BOSTON (AP) — Police say Lt. Gov. Timothy Murray's car was traveling 108 miles per hour just moments before he careened into a ledge and overturned last November, walking away with only a few scrapes and bruises.
The state police on Tuesday issued Murray a ticket for speeding, not wearing a seat belt and a lane violation in connection with the pre-dawn highway crash.
The police report shows Murray may have briefly fallen asleep at the wheel. The report showed no attempt to brake before the accident.
Murray said he takes responsibility for the Nov. 2 accident on Interstate 190 in Sterling, which occurred at about 5:30 a.m.
The report appears at odds with comments that Murray made after the accident.
At the time, Murray told reporters that he was driving around the speed limit and wearing his seat belt. Murray said he asked for a field sobriety test and the test showed a zero blood-alcohol reading.
Murray also asked state police to release information recorded by the car's "black box" at the time of the accident.
The data showed that the state-owned Crown Victoria that Murray was driving was traveling south on Route 190 at speeds ranging from a low of 75 mph to a high of 99 mph before traveling off of the west shoulder of the roadway.
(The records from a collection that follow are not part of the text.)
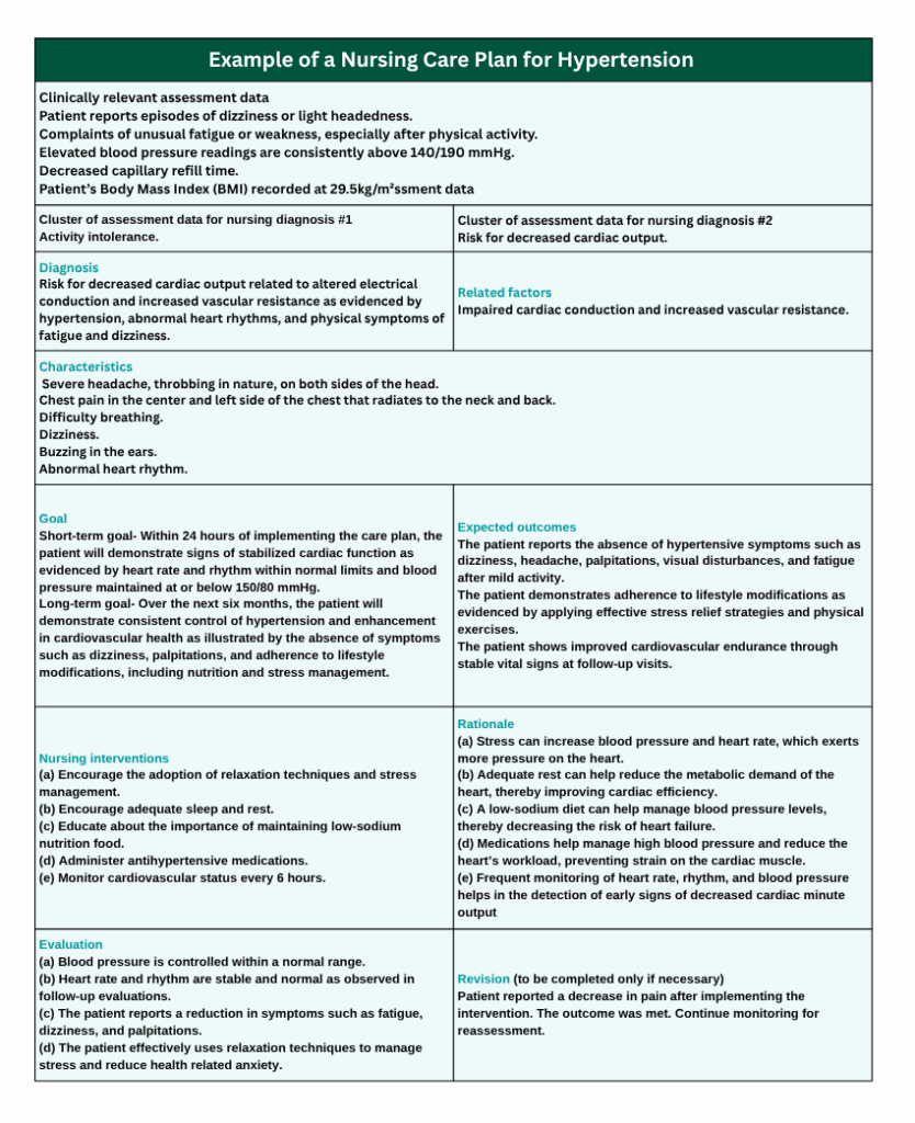 Evaluation encompasses collecting data and comparing it with desired outcomes, analyzing the patient’s response, identifying factors that enabled the success or failure of the care plan, adjusting the plan, and planning for future nursing care. When writing the evaluation, the nurse uses subjective and objective information from the patient to assess their progress. Based on the results, the nurse determines whether the interventions are effective in meeting the patients’ needs, and if there is a positive advancement, the care plan may continue. However, if the patient’s needs are not being met, modification to the care plan is made.
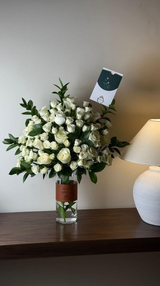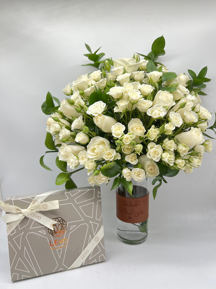 تنسيق فاخر من الورد الأبيض الفخم مع لمسات من الخضار الناعم، في فازة كريستالية أنيقة مع جلد محفور بالحمدلله على السلامة، مرفق معها علبة شوكولاتة من ليڤو بتغليف راقٍ.
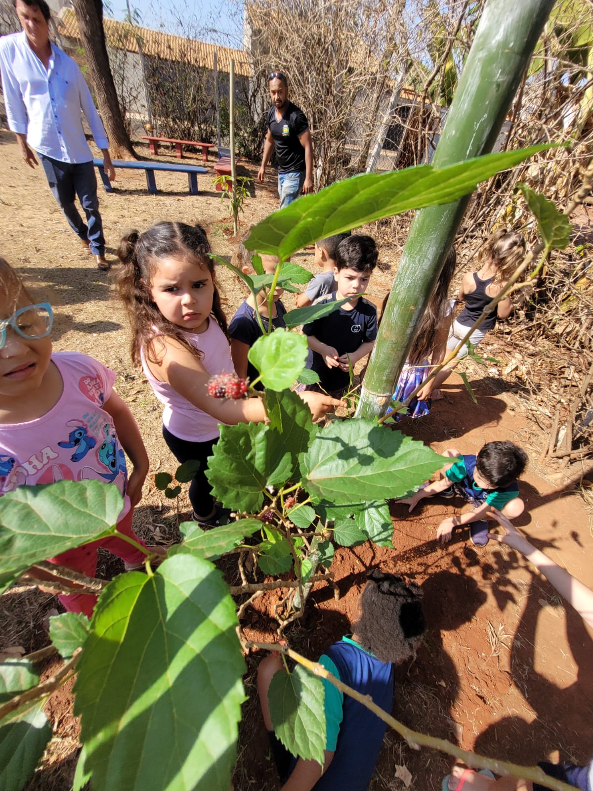 As crianças participaram de vivências educativas que abordaram a importância das árvores frutíferas e dos recursos naturais para a qualidade de vida. A ação busca despertar, desde cedo, a consciência sobre sustentabilidade, estimulando hábitos responsáveis e a valorização do meio ambiente.

The car traveled another 140 feet across the grass shoulder before striking a rock ledge and flipping.
At the time of impact, the car was moving at about 92 mph, although the car's top recorded speed was 108 mph about half a second before impact.
After hitting the ledge the car traveled another 232 feet in a southerly direction while rotating clockwise and rolling over, according to the report.
The "black box" data also showed there was no braking before impact and that Murray was not wearing a seat belt.
In a statement, Murray said police told him that the data is "consistent with what happens when someone falls asleep at the wheel and I believe that is what caused my accident."
At the time, Murray said he had left his Worcester home in the early morning hours to survey damage from a recent snowstorm and pick up coffee and newspapers when his car hit a patch of black ice and rolled over.
In a statement issued Tuesday, Murray said he takes full responsibility for the accident.
"I am grateful that I am OK and that no one was injured," he said. "Accidents happen quickly and mine was a serious one. I appreciate the response and the work of the State Police and I am especially thankful for all of the good wishes my family and I have received."